The computational screening process identified TiVV and MoVV as stable triplet defects in h-BN, a rare finding. Both defects exhibited sizable ZFS, larger than that of the NV center in diamond, indicating potential for qubit operation. The calculations predicted that SiV is a strong SPE candidate in h-BN, showing that SiV possesses an exciton radiative lifetime comparable to experimentally observed SPE defects. The calculations of the single-particle energy levels using G0W0 calculations and the optical spectra including exciton effects via BSE showed that TiVV and MoVV have long radiative lifetimes exceeding μs, indicating that these are not good candidates for SPEs. Meanwhile, the optical properties of SiV showed a bright optical transition in the ultraviolet region and a short radiative lifetime (22.8 ns), suggesting its potential as an SPE. The analysis of excited-state dynamics revealed the dominant role of ISC in spin-selective decay pathways for both TiVV and MoVV, making them promising candidates for spin qubit applications. For TiVV, a fast ISC with a rate of 12 GHz is predicted, suggesting an efficient spin purification process. For MoVV, while having lower quantum efficiency than TiVV, the ISC rate is comparable to diamond, indicating feasible optical control. The authors note that although TiVV exhibits a low optical quantum yield, its fast ISC offers a key advantage for pure spin state preparation for qubit operations. The MoVV defect, owing to its more ideal ZPL position and improved quantum efficiency, presents better prospects for optical control that can be further enhanced by techniques such as coupling to optical cavities or applying strain.
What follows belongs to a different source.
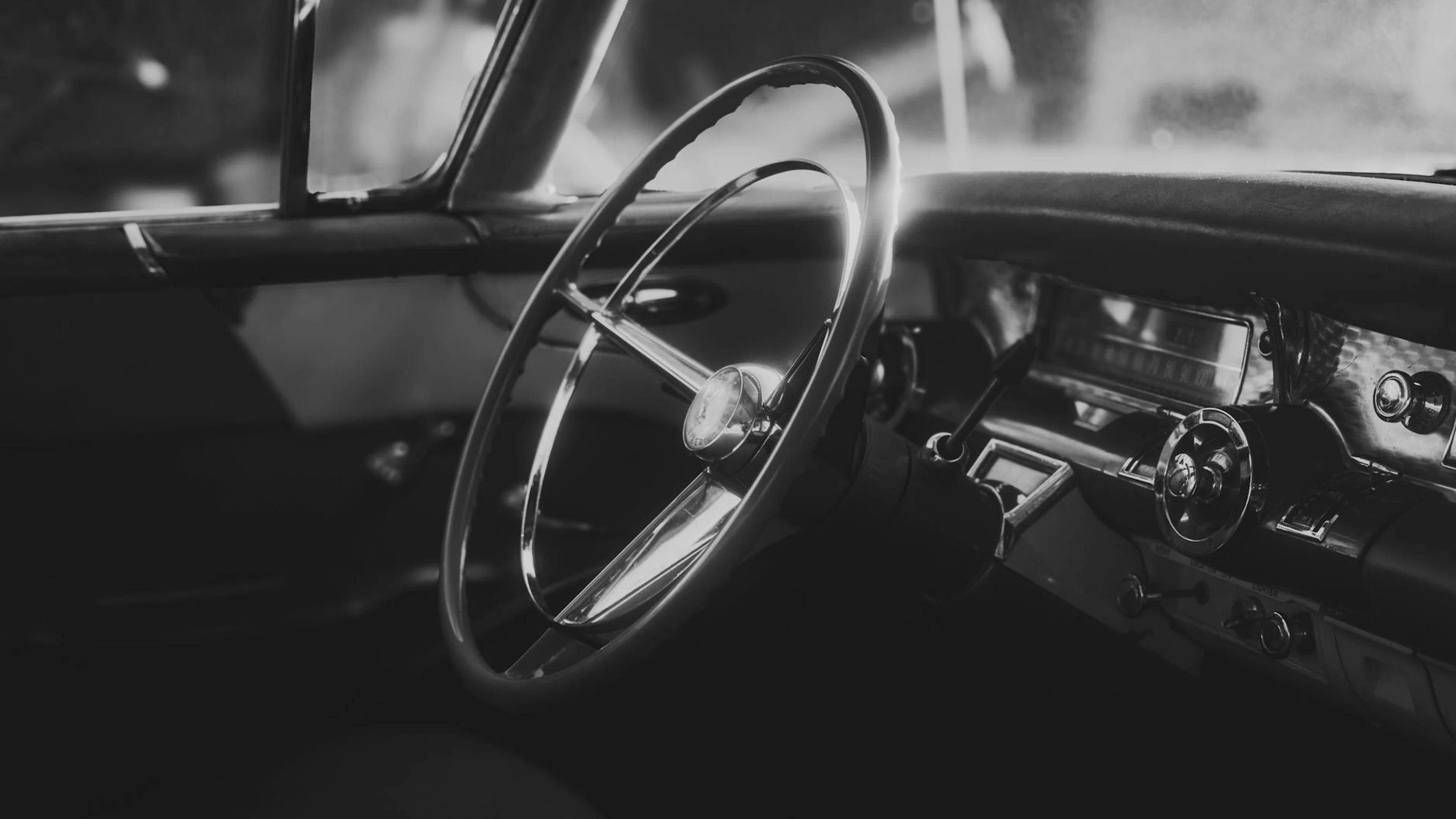 Download Elegant black and white interior of a classic vintage car showcasing timeless de wallpaper for free. 3840x2160 4K Ultra HD resolution, perfect for your desktop. High quality aesthetic wallpaper.
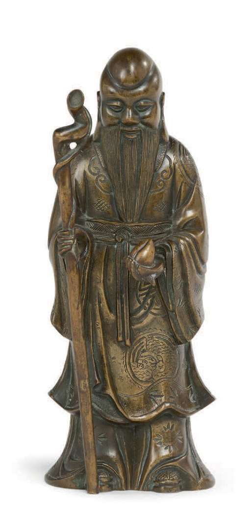 Statue de Shoulao en bronze à patine brune, l'immortel taoïste représenté debout vêtu d'une longue robe flottante ornée de médaillons de grue, tenant un haut bâton et une pêche de longévité.

The findings of this study demonstrate the importance of accurately considering many-body interactions and dynamical processes, particularly ISC, when searching for spin defects. The successful identification of promising SPE and spin qubit candidates in h-BN highlights the potential of extrinsic defects in 2D materials for quantum information science. The authors' first-principles theoretical framework enables the design of defects with specific properties tailored for quantum applications. The discovery of TiVV and MoVV with large ZFS and efficient ISC expands the range of available spin qubits. The identification of SiV as a strong SPE candidate provides a pathway for developing efficient single-photon sources. The comparison of the computational results with experimental data for the NV center in diamond validates the accuracy and reliability of the theoretical framework. The authors acknowledge the limitations of their approach, such as the 1D effective phonon approximation, and suggest future studies focusing on the calculation of spin coherence time and further experimental verification.
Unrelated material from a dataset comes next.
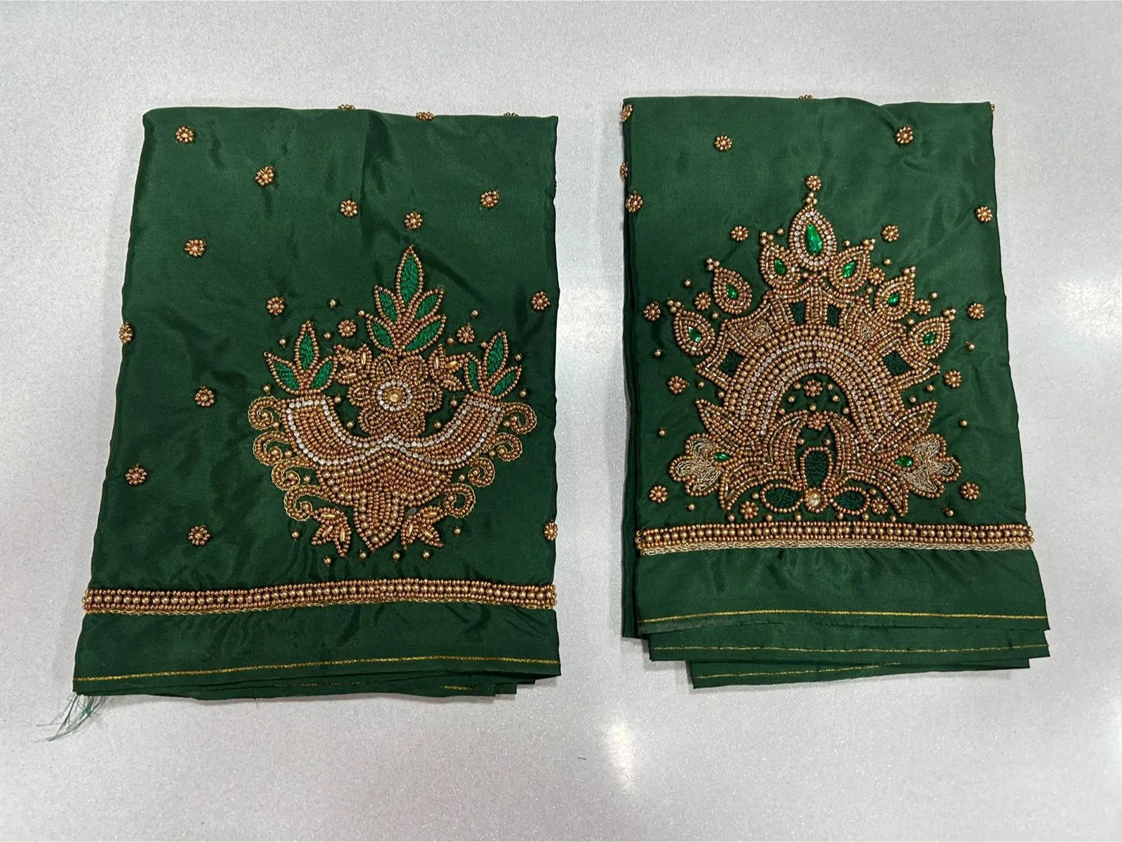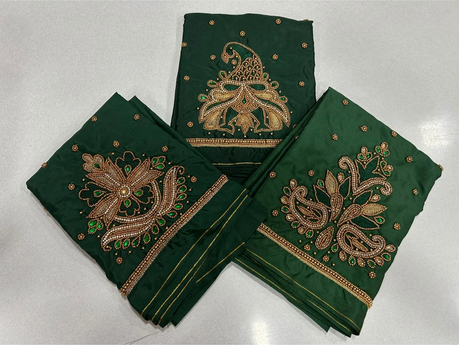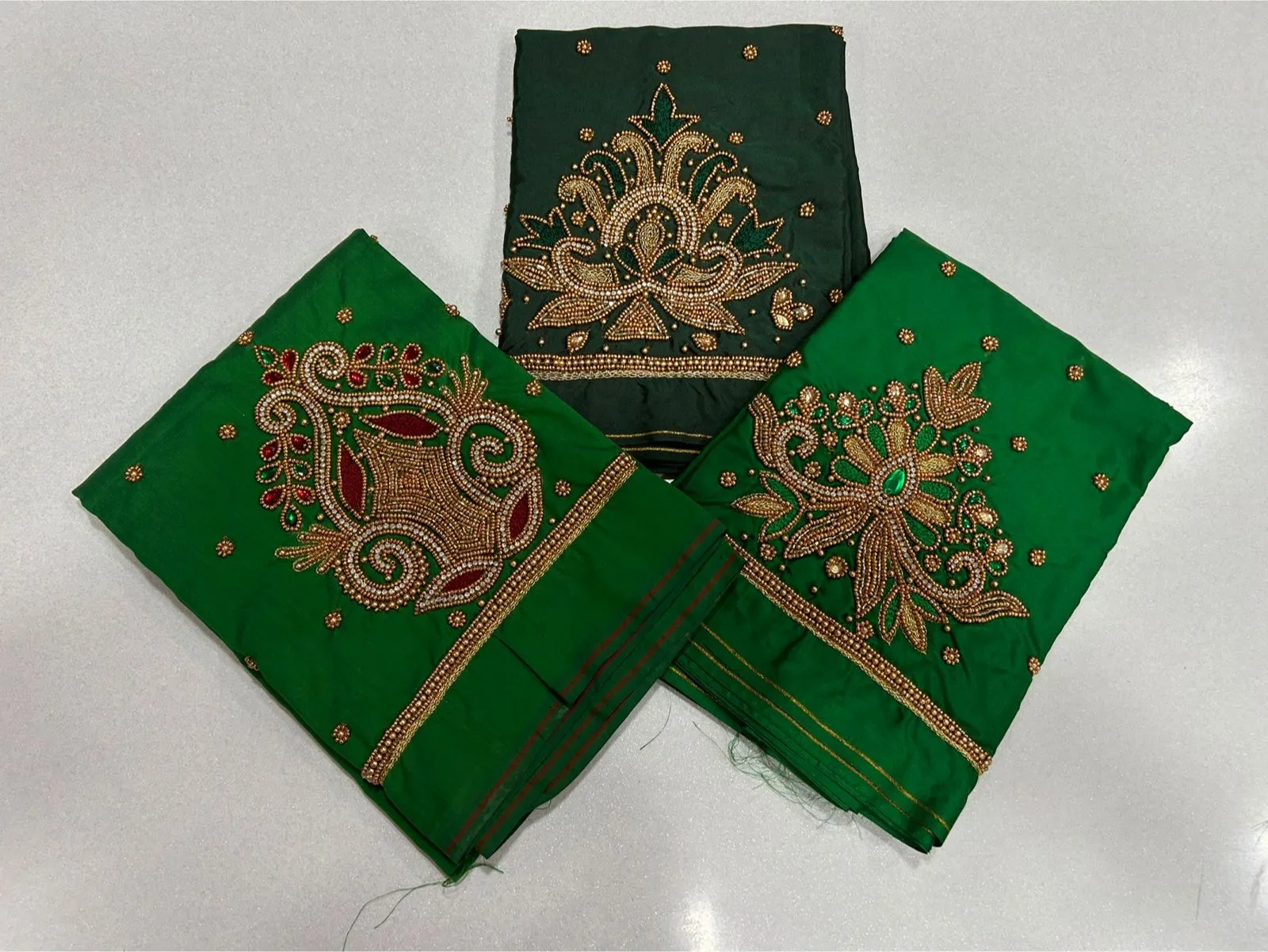 Q: What is the material quality of the Green Designer Bridal Blouse – Grand Wedding Look at Exclusive Offer?

This work establishes a comprehensive theoretical framework for designing and identifying optically addressable spin defects in 2D materials. The framework successfully identified promising spin qubits (TiVV and MoVV) and a single-photon emitter (SiV) in h-BN, demonstrating the potential of extrinsic defects in 2D materials for quantum information science. Future research should focus on investigating spin coherence time, understanding decoherence mechanisms, and performing further experiments to validate the theoretical predictions. The framework opens avenues for the design of defects with specific desired properties, accelerating the development of quantum technology.

The study uses approximations, including the 1D effective phonon approximation for calculating nonradiative recombination rates. While the authors validate this approximation by comparing with full phonon calculations (Supplementary Table 8), this simplification might affect the accuracy of the results. Further refinements to include full phonon calculations would improve the accuracy. The study also focuses primarily on the defects within the context of h-BN, and therefore it is necessary to test and extend the framework to other 2D materials. Additional experimental validation is needed to confirm the theoretical predictions made in this study and to investigate other potential sources of decoherence, particularly the spin coherence times. The work also assumes that the defects are isolated in the h-BN matrix, which may not always be true in real experimental settings.